Gradient accumulation adds up gradients from multiple minibatches and steps the optimizer every N train_steps, where N is optimizer_period. When enabled, the very last train_steps might end up not updating the model, depending on the number of total steps. None means gradient accumulation is disabled. Defaults to None.
- set_test_only(test_only: bool)¶
Set test only flag
- Parameters
test_only – If true, only test phases will be run
- set_test_phase_period(test_phase_period: int)¶
Set the period of test phase.
- Parameters
test_phase_period – The period of test phase
- synchronize_losses()¶
Average the losses across the different replicas
- train_step()¶
Train step to be executed in train loop.
- property where¶
Returns the proportion of training that has completed. If in test only mode, returns proportion of testing completed
Returned value is a float in the range [0, 1)
- class classy_vision.tasks.ClassyTask¶
An abstract base class for a training task.
A ClassyTask encapsulates all the components and steps needed to train using a
classy_vision.trainer.ClassyTrainer
.- __init__() classy_vision.tasks.classy_task.ClassyTask ¶
Constructs a ClassyTask.
- abstract done_training() bool ¶
Tells if we are done training.
- Returns
A boolean telling if training is over.
- abstract eval_step() None ¶
Run an evaluation step.
This corresponds to evaluating the model over one batch of data.
- abstract classmethod from_config(config: Dict[str, Any]) classy_vision.tasks.classy_task.ClassyTask ¶
Instantiates a ClassyTask from a configuration.
- Parameters
config – A configuration for a ClassyTask.
- Returns
A ClassyTask instance.
- abstract get_classy_state(deep_copy: bool = False) Dict[str, Any] ¶
Get the state of the ClassyTask.
The returned state is used for checkpointing.
- Parameters
deep_copy – If True, creates a deep copy of the state dict. Otherwise, the returned dict’s state will be tied to the object’s.
- Returns
A state dictionary containing the state of the task.
- abstract on_end()¶
Training end.
Called by
classy_vision.trainer.ClassyTrainer
after training ends.
- abstract on_phase_end()¶
Epoch end.
Called by
classy_vision.trainer.ClassyTrainer
after each epoch ends.
- abstract on_phase_start()¶
Epoch start.
Called by
classy_vision.trainer.ClassyTrainer
before each epoch starts.
- abstract on_start()¶
Start training.
Called by
classy_vision.trainer.ClassyTrainer
before training starts.
- abstract prepare(num_dataloader_workers=0, dataloader_mp_context=None) None ¶
Prepares the task for training.
Will be called by the
classy_vision.trainer.ClassyTrainer
to prepare the task, before on_start is called.- Parameters
num_dataloader_workers – Number of workers to create for the dataloaders
pin_memory – Whether the dataloaders should copy the Tensors into CUDA pinned memory (default False)
- run_hooks(local_variables: Dict[str, Any], hook_function: str) None ¶
Helper function that runs a hook function for all the
classy_vision.hooks.ClassyHook
.- Parameters
local_variables – Local variables created in
train_step()
hook_function – One of the hook functions in the
:param
classy_vision.hooks.ClassyHookFunctions
: enum.
- abstract set_classy_state(state)¶
Set the state of the ClassyTask.
- Parameters
state_dict – The state dictionary.
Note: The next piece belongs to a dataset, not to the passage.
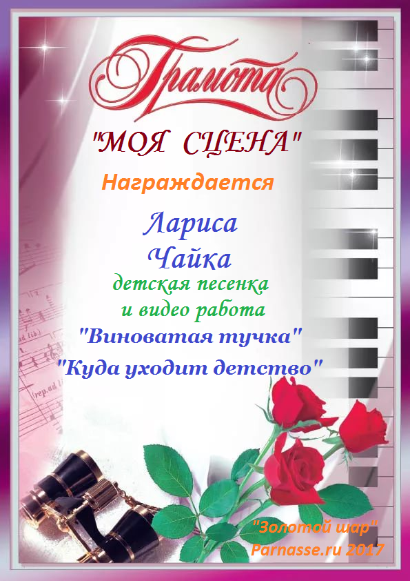 Первое место в конкурсе "Уж слышен Осени мотив" в песенной номинации "Лейся, песнь любви моей!", народное голосование. Поздравляем с красивой победой. Благодарим Вас, Лариса, за великолепные стихи к песне "С осенью- подружкой".

Must be the output of a call to
get_classy_state()
.
This is used to load the state of the task from a checkpoint.
- class classy_vision.tasks.FineTuningTask(*args, **kwargs)¶
- __init__(*args, **kwargs)¶
Constructs a ClassificationTask
- classmethod from_config(config: Dict[str, Any]) classy_vision.tasks.fine_tuning_task.FineTuningTask ¶
Instantiates a FineTuningTask from a configuration.
- Parameters
config – A configuration for a FineTuningTask. See
__init__()
for parameters expected in the config.- Returns
A FineTuningTask instance.
- classy_vision.tasks.build_task(config)¶
Builds a ClassyTask from a config.
This assumes a ‘name’ key in the config which is used to determine what task class to instantiate. For instance, a config {“name”: “my_task”, “foo”: “bar”} will find a class that was registered as “my_task” (see
register_task()
) and call .from_config on it.
- classy_vision.tasks.register_task(name)¶
Registers a ClassyTask subclass.
This decorator allows Classy Vision to instantiate a subclass of ClassyTask from a configuration file, even if the class itself is not part of the Classy Vision framework. To use it, apply this decorator to a ClassyTask subclass, like this:
@register_task('my_task') class MyTask(ClassyTask): ...
To instantiate a task from a configuration file, see
build_task()
.